Maruschak is a grant recipient from the First World War Internment Recognition Fund and her work on OH CANADA is sponsored by the Fund.

About the artist

Known for her compelling and sculptural images, Lesia Maruschak is recognized as an influential contemporary photographer manifesting the visual memory of history. Born in Saskatoon (Canada) in 1961, she spent her childhood on the Canadian prairies, land settled by her ancestors in 1897.

Maruschak served for decades as an executive leader in the Canadian government when a leukemia diagnosis changed her life. She turned her attention to art and travelled the world to study and curate Byzantine art. In 2016 she returned to photography, which she had experimented with in her youth. Through her reconnection to image making, and with the profound influence of Peter Lindbergh, she found a unique way to engage in issues relevant to contemporary society while challenging current photographic dialogues.

Celebrated independent curator and educator Monica Allende notes that, “Maruschak’s work reflects on the visual memory of history, and the role of the artist in the decolonization of narratives which are critical issues in photography debate.” Maruschak’s humanist approach and abstract representation of history’s victims sets her apart from other photographers.
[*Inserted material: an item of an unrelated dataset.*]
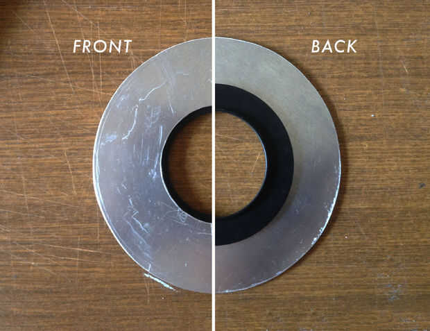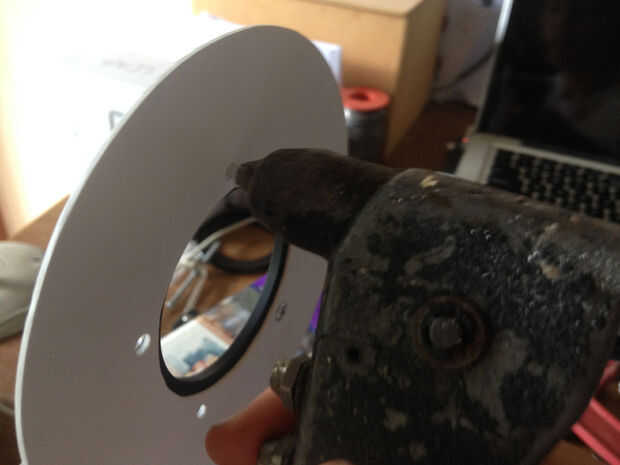 Una vez que la pintura esté seca, usted puede asegurar los dos anillos juntos. Asegúrese de alinear los agujeros mientras que se perforaron porque a menos que estés loco exacto, los 5 agujeros le perforó probablemente no están perfectamente separadas, y realmente le chupa si tiró un remache a través sólo para que todos los otros agujeros desalineados. Empezar por meter un remache a través de ambas partes para que la cabeza sobresale de la parte posterior. Luego coloque una arandela pequeña en la cabeza, extender los brazos de la pistola de remache, inserte el extremo largo y fino del remache en la pistola de remache en cuanto puede y apriete la manija. Si el remache no tire todo el camino a través, vuelva a abrir los brazos de la pistola de remache, empuje el resto del remache en la pistola y apriete otra vez.
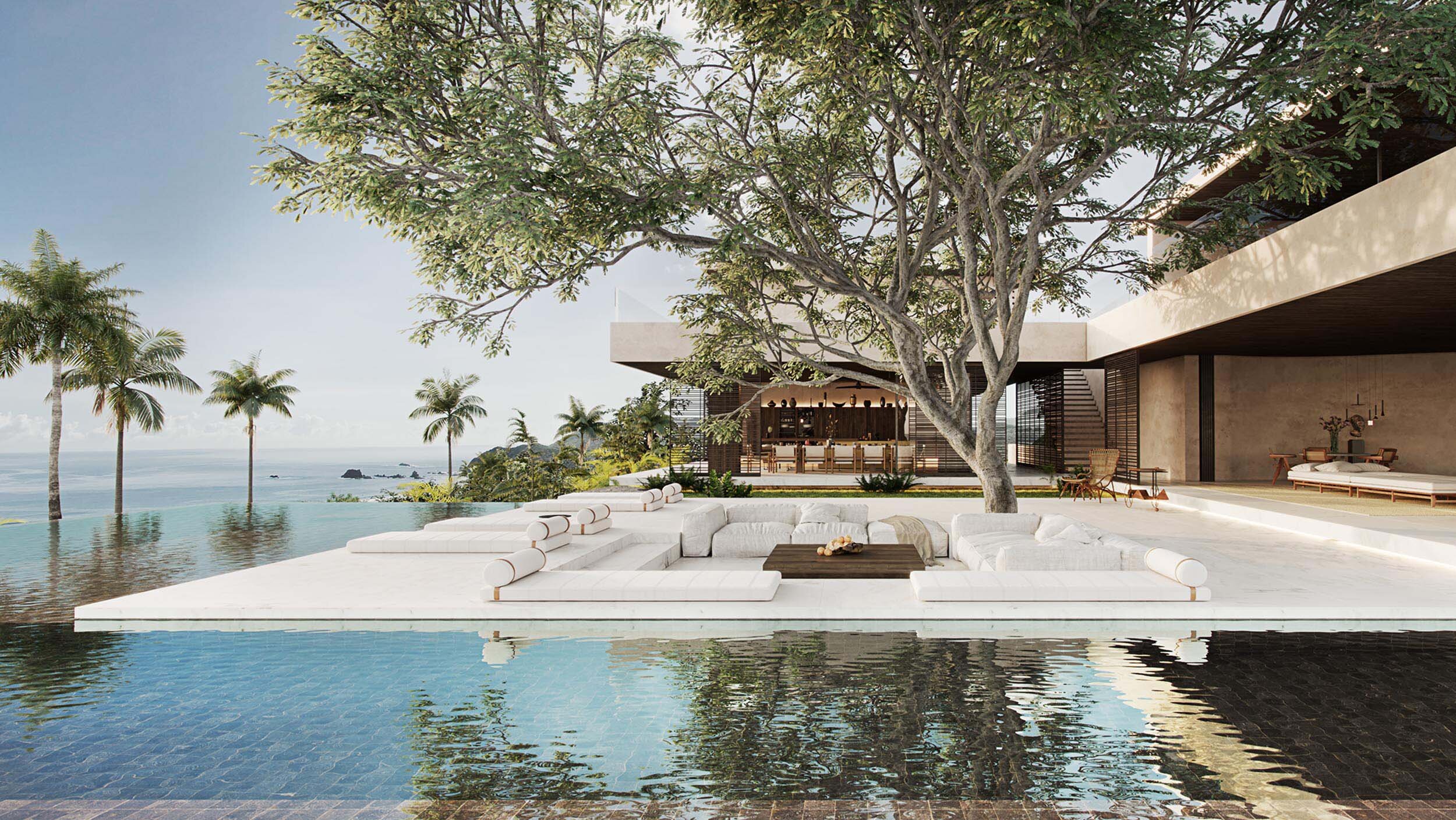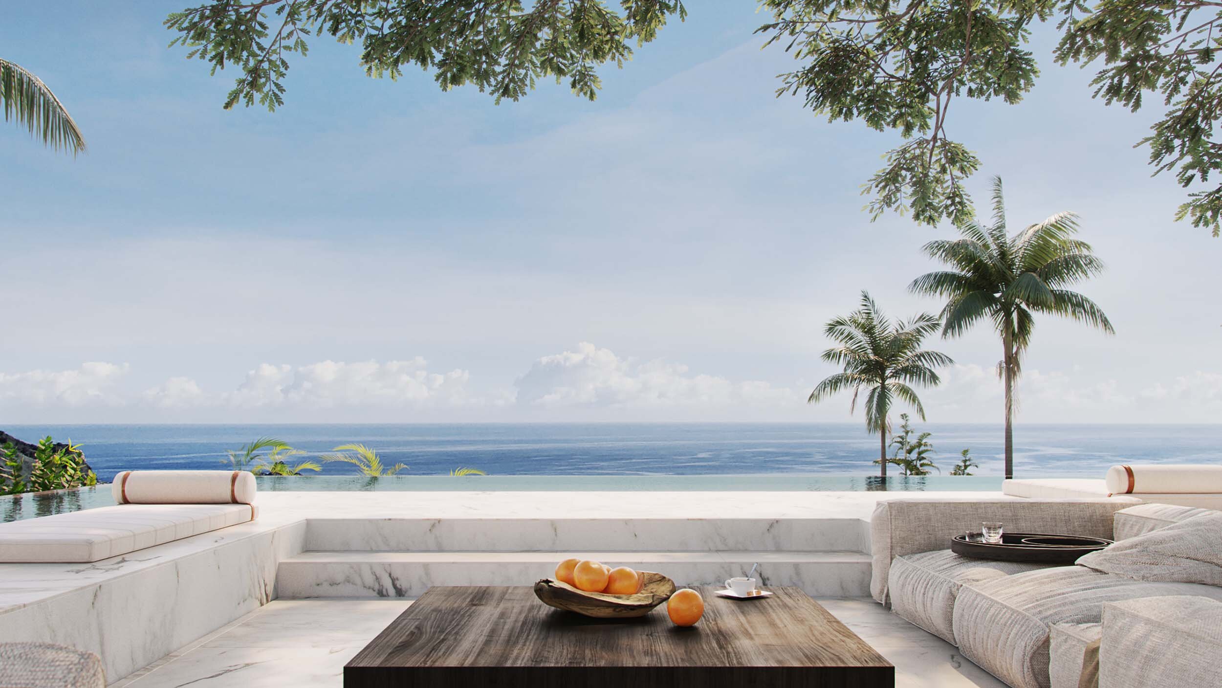 Enjoy the spectacular sunsets from the 100sqm infinity pool that wraps around two sides of the living area. Depths vary from 1.3m — 2.7m.

In her images she privileges each person’s untarnished soul and voice.

Maruschak’s works involve painting, performance, sculpture, book making and film. Her photographs have been exhibited in the United States, Canada, Sweden, Mexico, Korea and throughout Europe. Many of her pieces are included in rare and special collections. Museums holding her works include: the Metropolitan Museum of Art, the Phoenix Art Museum, Stanford University, Athenaeum, Columbia University, Thomas J. Dodd Research Center, and the Library of Congress. She has lectured at conferences such as FORMAT 19 at the University of Derby, UK (2019) and Why Remember? Sarajevo, BA (2019).

In 2019 Maruschak’s seminal work Project MARIA received the Director’s Choice Award at Santa Fe Center, Landskrona Fotofestival 2020 Winner, Grand Prix Award at Kyiv Arsenal Book Festival and was Shortlisted for the Hariban Award at Benrido Atelier, Prix du livre at Rencontres d’Arles and the Athens Photobook Festival.

Maruschak has an MA and MBA. She spends her time between Alvena and Ottawa, Canada.